Figure 2-9 Proteins in the plasma membrane serve as transporters, signal receptors, and ion channels. Extracellular signals are amplified by receptors, because binding of a single ligand molecule to the surface receptor causes many molecules of an intracellular signal molecule to be formed, or many ions to flow through the opened channel. Transporters carry substances into and out of the cell, but do not act as signal amplifiers.

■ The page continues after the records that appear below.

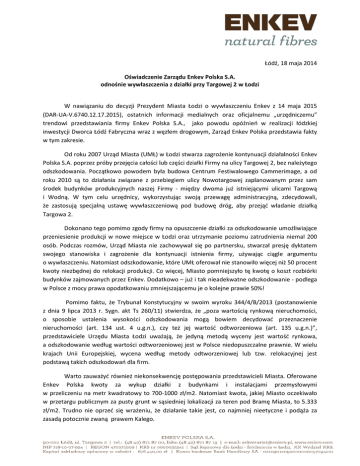 Łódź, 18 maja 2014 Oświadczenie Zarządu Enkev Polska S.A. odnośnie wywłaszczenia z działki przy Targowej 2 w Łodzi W nawiązaniu do decyzji Prezydent Miasta Łodzi o wywłaszczeniu Enkev z 14 maja 2015 (DAR-UA-V.6740.12.17.2015), ostatnich informacji medialnych oraz oficjalnemu „urzędniczemu” trendowi przedstawiania firmy Enkev Polska S.A., jako powodu opóźnień w realizacji łódzkiej inwestycji Dworca Łódź Fabryczna wraz z węzłem drogowym, Zarząd Enkev Polska przedstawia fakty w tym zakresie. Od roku 2007 Urząd Miasta (UMŁ) w Łodzi stwarza zagrożenie kontynuacji działalności Enkev Polska S.A. poprzez próby przejęcia całości lub części działki Firmy na ulicy Targowej 2, bez należytego odszkodowania. Początkowo powodem była budowa Centrum Festiwalowego Cammerimage, a od roku 2010 są to działania związane z przebiegiem ulicy Nowotargowej zaplanowanym przez sam środek budynków produkcyjnych naszej Firmy - między dwoma już istniejącymi ulicami Targową i Wodną. W tym celu urzędnicy, wykorzystując swoją przewagę administracyjną, zdecydowali, że zastosują specjalną ustawę wywłaszczeniową pod budowę dróg, aby przejąć władanie działką Targowa 2. Dokonano tego pomimo zgody firmy na opuszczenie działki za odszkodowanie umożliwiające przeniesienie produkcji w nowe miejsce w Łodzi oraz utrzymanie poziomu zatrudnienia niemal 200 osób. Podczas rozmów, Urząd Miasta nie zachowywał się po partnersku, stwarzał presję dyktatem swojego stanowiska i zagrożenie dla kontynuacji istnienia firmy, używając ciągle argumentu o wywłaszczeniu. Natomiast odszkodowanie, które UMŁ oferował nie stanowiło więcej niż 50 procent kwoty niezbędnej do relokacji produkcji. Co więcej, Miasto pomniejszyło tę kwotę o koszt rozbiórki budynków zajmowanych przez Enkev. Dodatkowo – już i tak nieadekwatne odszkodowanie - podlega w Polsce z mocy prawa opodatkowaniu zmniejszającemu je o kolejne prawie 50%! Pomimo faktu, że Trybunał Konstytucyjny w swoim wyroku 344/4/B/2013 (postanowienie z dnia 9 lipca 2013 r. Sygn. akt Ts 260/11) stwierdza, że „poza wartością rynkową nieruchomości, o sposobie ustalenia wysokości odszkodowania mogą bowiem decydować przeznaczenie nieruchomości (art. 134 ust. 4 u.g.n.), czy też jej wartość odtworzeniowa (art. 135 u.g.n.)”, przedstawiciele Urzędu Miasta Łodzi uważają, że jedyną metodą wyceny jest wartość rynkowa, a odszkodowanie według wartości odtworzeniowej jest w Polsce niedopuszczalne prawnie. W wielu krajach Unii Europejskiej, wycena według metody odtworzeniowej lub tzw. relokacyjnej jest podstawą takich odszkodowań dla firm. Warto zauważyć również niekonsekwencję postępowania przedstawicieli Miasta. Oferowane Enkev Polska kwoty za wykup działki z budynkami i instalacjami przemysłowymi w przeliczeniu na metr kwadratowy to 700-1000 zł/m2. Natomiast kwota, jakiej Miasto oczekiwało w przetargu publicznym za pusty grunt w sąsiedniej lokalizacji za teren pod Bramę Miasta, to 5.333 zł/m2. Trudno nie oprzeć się wrażeniu, że działanie takie jest, co najmniej nieetyczne i podąża za zasadą potocznie zwaną prawem Kalego. Jest ogólnie uznanym faktem, że stworzenie jednego miejsca pracy w Polsce w przemyśle wymaga inwestycji rzędu od 700 tys. do 2 mln zł. Przenoszenie produkcji i zatrudnienia dla 200 osób w nowe miejsce prawie nie różni się od utworzenia nowego zakładu. Z takim wyzwaniem jest skonfrontowana nasza Spółka i w żaden sposób nie da się tego odnieść do oferowanego odszkodowania za grunt pomniejszonym o koszty rozbiórki budynków. Urzędnicze rozumienie, że do przeniesienia firmy wystarczy nieruchomość zastępcza nie wytrzymuje tej próby faktów i czasu. W takich okolicznościach, inwestorzy i władze Enkev Polska od lat walczą o przetrwanie i dokładają wszelkich starań, aby utrzymać działalność firmy i zatrudnienie. W tym celu zaciągnięto kredyt w 2014 r. i dokonano zakupu nowej nieruchomości z zamiarem przeniesienia tam działalności z ulicy Targowej 2. Działania te są w toku. Czas dwóch lat jest niezbędny dla utrzymania produkcji i stopniowego przenoszenia ciągów produkcyjnych. Oznacza to niestety, że oprócz zakupu nieruchomości, wysokich kosztów adaptacji budynków, Enkev ponosi bardzo duże koszty utrzymania dwóch nieruchomości - obecnej na Targowej 2 i nowo zakupionej Traktorowej 139. Dodatkowo, Urząd Miasta zwiększył opłatę za użytkowanie wieczyste o około 400%. Jednocześnie wydawanymi decyzjami dotyczącymi 1/3 działki (obszar pod planowaną drogę) Urząd zablokował prawo własności Firmy w zakresie całej działki. Wszczęte postępowanie ZRiD odbiera bowiem Spółce prawo wykorzystania całej posiadanej działki pod hipotekę, zastaw lub inne formy zabezpieczenia. Nie wiadomo również, kiedy, w jakiej wysokości i czy kiedykolwiek zostanie wypłacone Firmie odszkodowanie za przejętą 1/3 część działki. Z praktyki opisanej w raporcie NIK z września 2014 r. wynika, że wywłaszczone podmioty czekają na odszkodowanie nawet do 10 lat. Wszystkie te aspekty oraz inwazyjne działanie urzędników generują wysokie dodatkowe koszty oraz istotne pogorszenie konkurencyjności cen wyrobów Enkev Polska na rynkach sprzedaży. Stwarza to ciągłe zagrożenie dla kontynuacji funkcjonowania firmy oraz grozi zwolnieniami grupowymi niemal 200 osobowej załogi oraz u kooperantów. W ocenie Zarządu Enkev Polska, jest to jawne pogwałcenie zasad współżycia społecznego wobec Firmy funkcjonującej w Łodzi od ponad 50 lat. Nie brane są pod uwagę własność prywatna, prawa wynikająca z Europejskiej Karty Praw Człowieka oraz kontrybucja naszej Firmy w gospodarkę Łodzi i regionu. Enkev Polska S.A. to jedna z największych firm włókienniczych w województwie, bardzo duży eksporter oraz dobrze oceniany pracodawca (tytuły: Pracodawca Roku, Solidny Pracodawca itp). To właśnie firmy takie jak
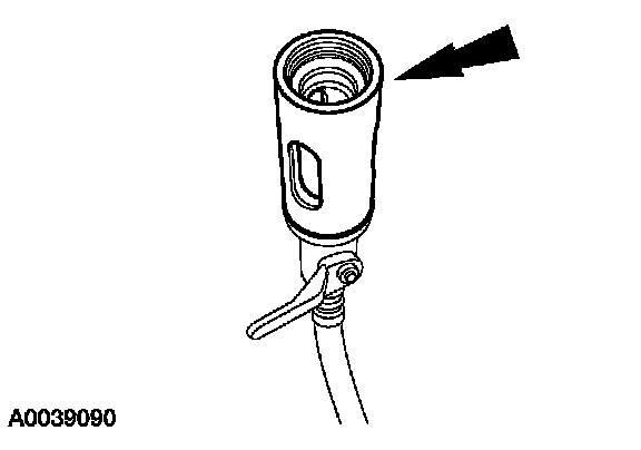 5. Install the dye/lubricant injector between the low-side service gauge port valve and the refrigerant service station or manifold gauge set.
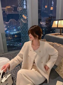 2021新款颗粒全羊毛小香圆领羊羔毛外套女中长款年...
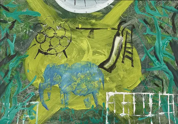 "Слон на Семёновской", 42х29 см. На рисунке «Слон на Семеновской» изображён слон, стоящий на улице Семёновской. Фон – городская среда: здания, деревья. я постарался передать мирное настроение городского пейзажа.
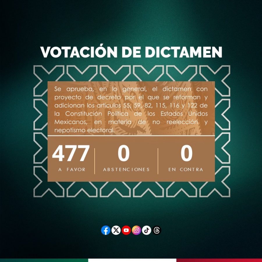 México.- La Cámara de Diputados aprobó en lo general una reforma constitucional que busca combatir el nepotismo y establecer la no reelección en cargos de elección popular hasta el año 2030. El dictamen reforma y adiciona los artículos 55, 59, 82, 115, 116 y 122 de la Constitución Política, enfocándose en la no reelección y el nepotismo electoral.

Some surface receptors recognize ligands of low molecular weight, and others recognize macromolecules. For example, binding of acetylcholine (M_r 146) to its receptor begins a cascade of cellular events that underlie the transmission of signals for muscle contraction. Blood proteins (M_r > 20,000) that carry lipids (lipoproteins) are recognized by specific cell surface receptors and then transported into the cells. Antigens (proteins, viruses, or bacteria, recognized by the immune system as foreign) bind to specific receptors and trigger the production of antibodies. During the development of multicellular organisms, neighboring cells influence each other's developmental paths, as signal molecules from one cell type react with receptors of other cells. Thus the surface membrane of a cell is a complex mosaic of different kinds of highly specific "molecular antennae" through which cells receive, amplify, and react to external signals.

Most cells of higher plants have a cell wall outside the plasma membrane (Fig. 2-8b), which serves as a rigid, protective shell. The cell wall, composed of cellulose and other carbohydrate polymers, is thick but porous. It allows water and small molecules to pass readily, but swelling of the cell due to the accumulation of water is resisted by the rigidity of the wall.